三位蒙面老者目光一驚又是一怔。
周圍寺僧神色一怔又是一驚。
而高僧的長眉一陣軒動,表情是又驚又怒。
商亞男內心在流血,無力地睜開秀目一瞥,不由大張,幾乎不相信自己很睛……
嘿!原來場中屹立著的正是宋嶽,手中長劍正從「陰天屠夫」腹中緩緩拔出。
「陰手屠夫」臉上更加猙獰恐怖,彎腰捧腹,身軀躺在地上。
血!像泉水一樣地從他青色枯瘦的雙手十指縫中擠出來,一雙陰沉嚇人的眼睛射出了恐怖的光芒,注視著宋嶽。
他想不到宋嶽受傷之餘,還有這般功力,猶如神助。
他更想不到今天在自己地盤上,眾目之下,竟會死在宋嶽劍下。
現在,他心中有一萬分的後悔,自己以為剛才宋嶽傷勢發作,雙掌在毫不防備之下,想一掌擊斃對方,犯了貪功太急,胸腹之下,絲毫不作防範,而想不到宋嶽竟是哀兵之計,長劍疾出……
這死得實在太冤,「陰手屠夫」想著想著,神志開始迷糊,終於周身一陣蠕動,雙手一鬆,一代梟雄,與世長辭!
這時,三位蒙面老者及商亞男內心一陣振奮,四個人的心,彷彿在飛揚!
而巴什扎圖寺的僧侶及高僧,神色又驚又怒,內心卻在向下沉……
宋嶽呢?他此刻忘記了自己傷勢,忘記了一切,只覺得有些疲倦,屹立當地,暗暗調息著。
他此刻知道,商梧之仇雖報了,但這對自己而言,只是僥倖搶過了第一關,還有第二關,最後還有九死一生的一關。
所以現在惟一使他腦筋轉動的,只是如何應付下一場,不知道以自己傷殘的體力,是否應付得了?
因為這場勝得取巧,可一不可再,哀兵之計,多施無用。
場中一片沉寂,雖有這許多人,但卻落葉可聞!
在沉寂中充滿了殺機,使人感到空虛,感到波動激盪!
這段沉寂從場中各人神色中可以看得出,大部分是震驚「陰手屠夫」之死,小部分卻在觀察宋嶽的神態,判斷他受傷後,何以與沒有受傷一樣……

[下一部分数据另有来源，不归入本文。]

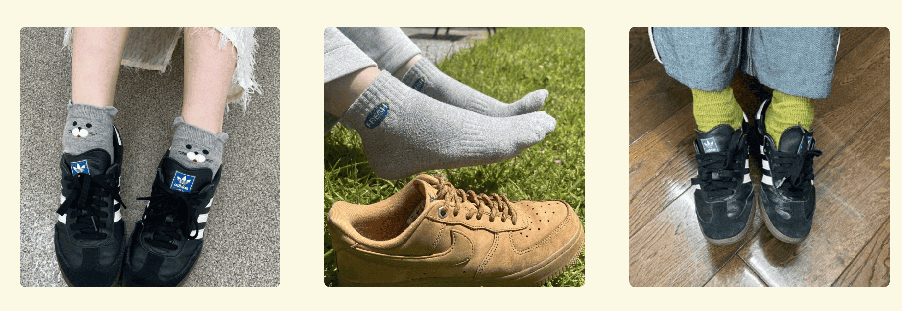 また、靴下の表記をひらがなにすることでやわらかく、親しみやすい雰囲気作りになっている。

宋嶽真元默運三週天,微微恢復體力,目光一掃場中,見眾人皆望著他,不由淡淡一哂,轉身對商亞男朗聲道:「商姑娘,宋嶽得兌諾言,已代令尊雪恥報仇了!」
商亞男淒涼地一笑,道:「嶽弟,謝謝你,今天就是我死了,也死而無怨!」
宋嶽暗暗一嘆,忖道:「你現在弄得這副樣子,當初何苦不辭而別呢?我宋嶽沒有得罪你啊……」
他到現在尚不知道原因,心中暗歎著……
就在此際,場中倏然響起一聲大喝!
「姓宋的,別得意,詭計傷人,雖闖過第一關,哈布拉已等著你第二場。」
宋嶽緩緩轉身,一望這位巴什扎圖寺的司刑僧人,高帽下的一張臉,與「陰手屠夫」完全是二張不同的典型。
「陰手屠夫」的臉又枯又瘦,青森森的,代表一種詭譎的性格及陰沉的心機,而哈布拉卻身軀魁梧,肥頭大耳,穿著二個金環,滿腮短而粗的黑鬍子,表示出一種兇暴易怒的性格。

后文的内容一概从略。